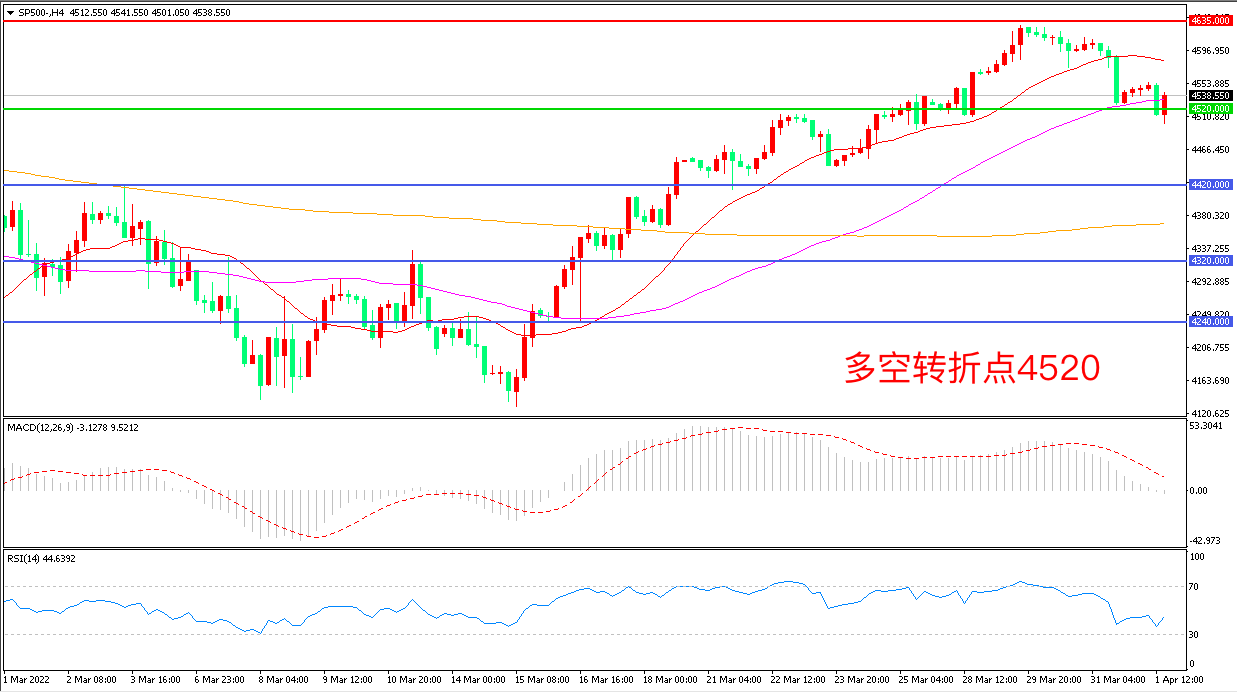 4小时图看,标普500触碰4635一线后大幅回落,55周期均线成为下方支撑,4520成为多空分水岭,MACD红柱缩短,RSI指标走平,日内震荡上行概率较大。
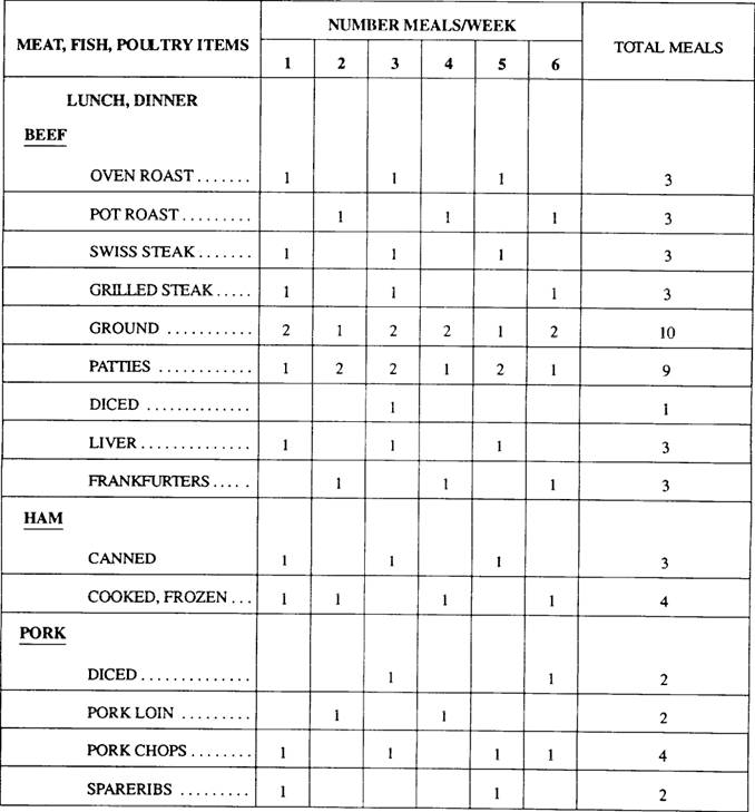 Figure 7-6.-Sample meat plan. are plotted on a frequency chart, spaced on a spacing pattern, and finally entered on the menu draft. Frequency charts and spacing patterns form the framework of the menu and like the meat plan, are developed before the menu is drafted. Frequency charts are developed for each major menu item or section; that is, the meat, poultry, fish entrees, potatoes or potato substitutes, vegetables, salads, desserts, soups, and breads that form the basic menu structure. These charts serve as the advanced plotting of what to feed at which meal (breakfast, lunch, or dinner) and how often. An example of a vegetable frequency chart is shown ix Spacing pattern (ig. 7- show when the item will be served With a spacing pattern, the menu planner can plot a balanced distribution of food items so that there is an appropriate interval between the less popular items that are served, and so that the menus are not beef heavy or corn heavy. Revision.-An important step in the final review of cycle menus is the use of the frequency chart to check the menu for repetition. This is done by listing the number of meals containing each type of food. Then checking that the spacing of similar items, such as ground beef, is adequate, that different methods of preparation are used, and that the basic menu features a
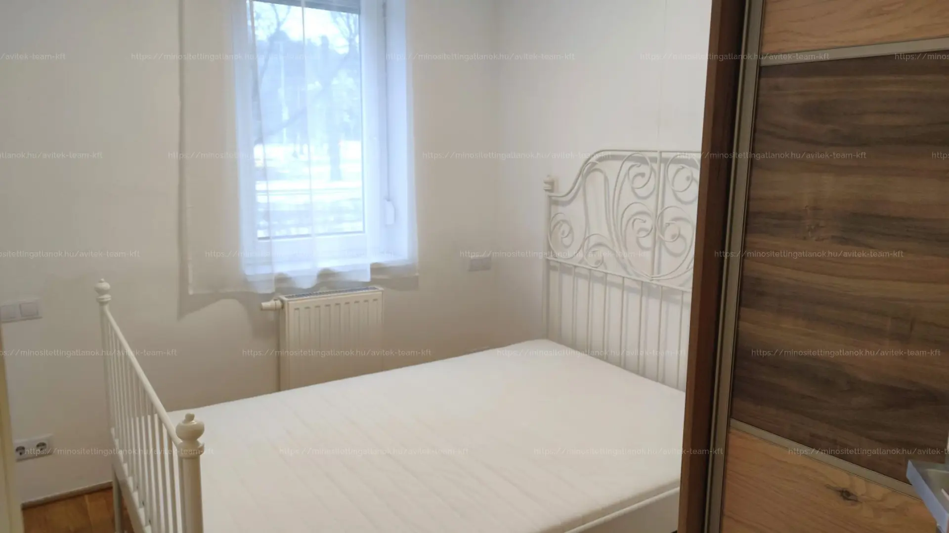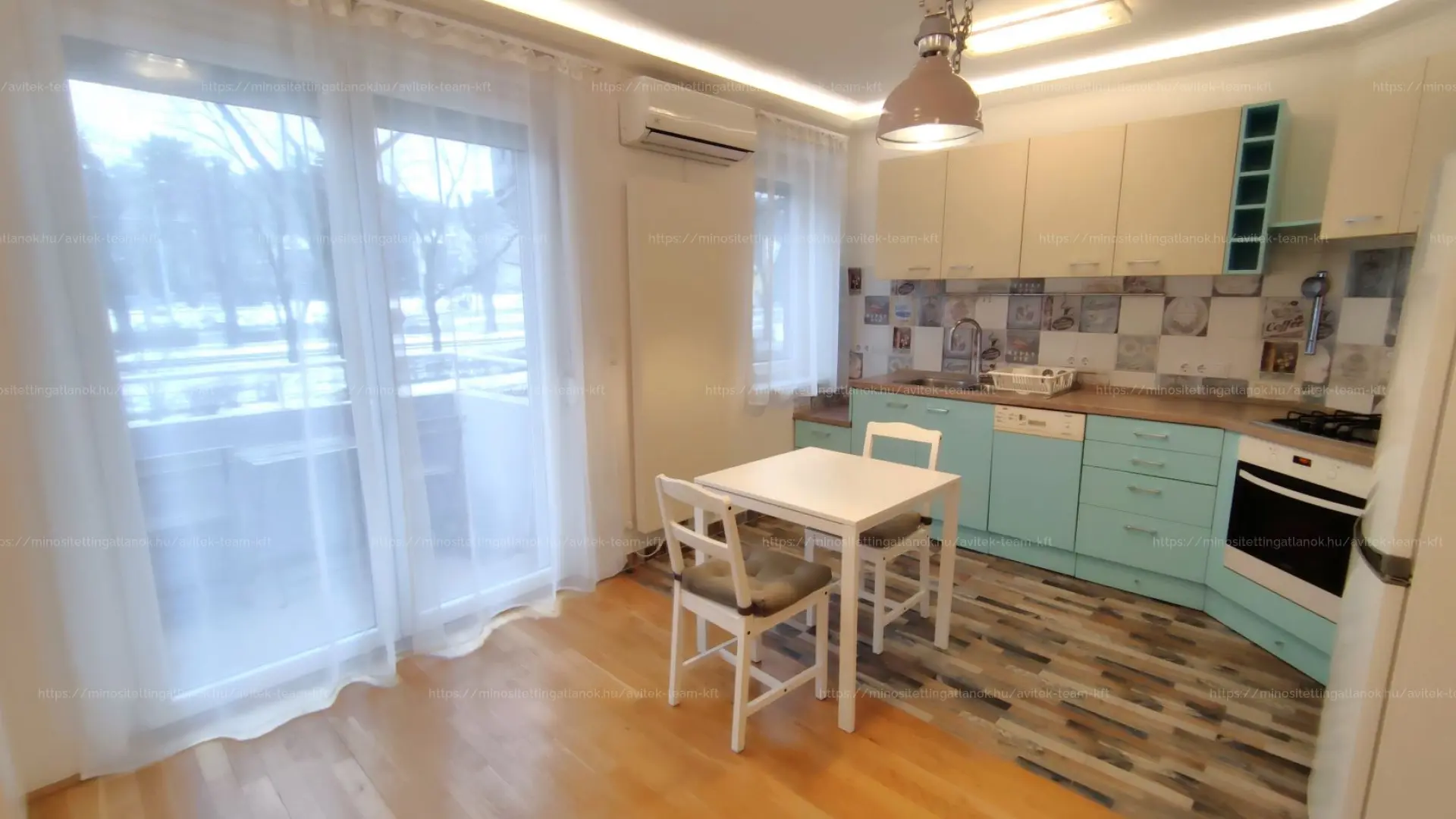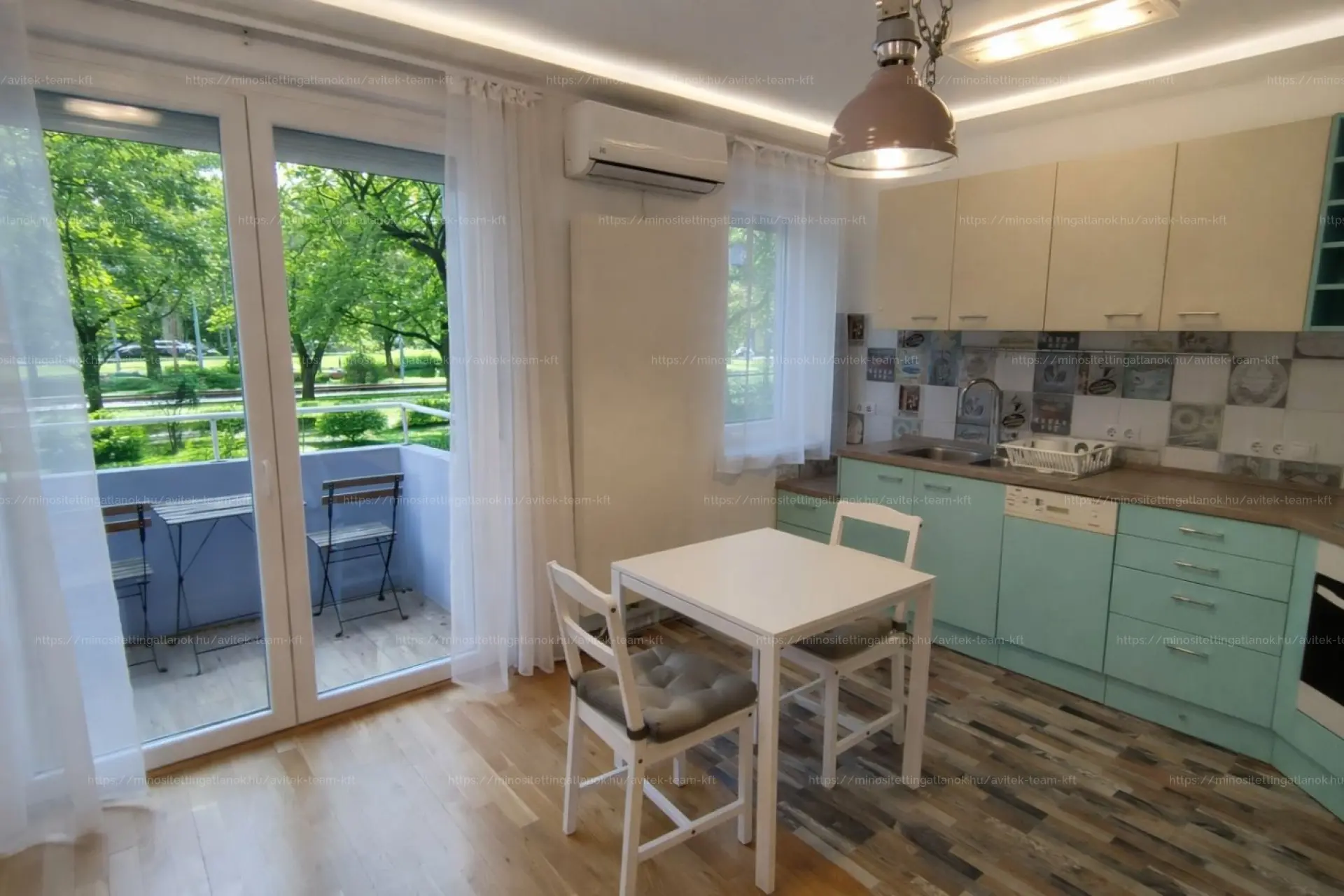 A lakás 2018-ban teljes felújításon esett át. Az amerikai konyhás nappali hatalmas ablakain árad be a napfény, erkélyéről szép kilátás nyílik a zöld környezetre. Az új műanyag ablakok redőnnyel és szúnyoghálóval felszereltek. A hálószobában franciaágy és beépített szekrény használható.

__Brief__: Starting with the first line of the material, print each line exactly until you have printed the line with "Figure 7-6.-Sample meat", and skip the pictures.

__Solution for this task__:
 4小时图看,标普500触碰4635一线后大幅回落,55周期均线成为下方支撑,4520成为多空分水岭,MACD红柱缩短,RSI指标走平,日内震荡上行概率较大。
 Figure 7-6.-Sample meat plan. are plotted on a frequency chart, spaced on a spacing pattern, and finally entered on the menu draft. Frequency charts and spacing patterns form the framework of the menu and like the meat plan, are developed before the menu is drafted. Frequency charts are developed for each major menu item or section; that is, the meat, poultry, fish entrees, potatoes or potato substitutes, vegetables, salads, desserts, soups, and breads that form the basic menu structure. These charts serve as the advanced plotting of what to feed at which meal (breakfast, lunch, or dinner) and how often. An example of a vegetable frequency chart is shown ix Spacing pattern (ig. 7- show when the item will be served With a spacing pattern, the menu planner can plot a balanced distribution of food items so that there is an appropriate interval between the less popular items that are served, and so that the menus are not beef heavy or corn heavy. Revision.-An important step in the final review of cycle menus is the use of the frequency chart to check the menu for repetition. This is done by listing the number of meals containing each type of food. Then checking that the spacing of similar items, such as ground beef, is adequate, that different methods of preparation are used, and that the basic menu features a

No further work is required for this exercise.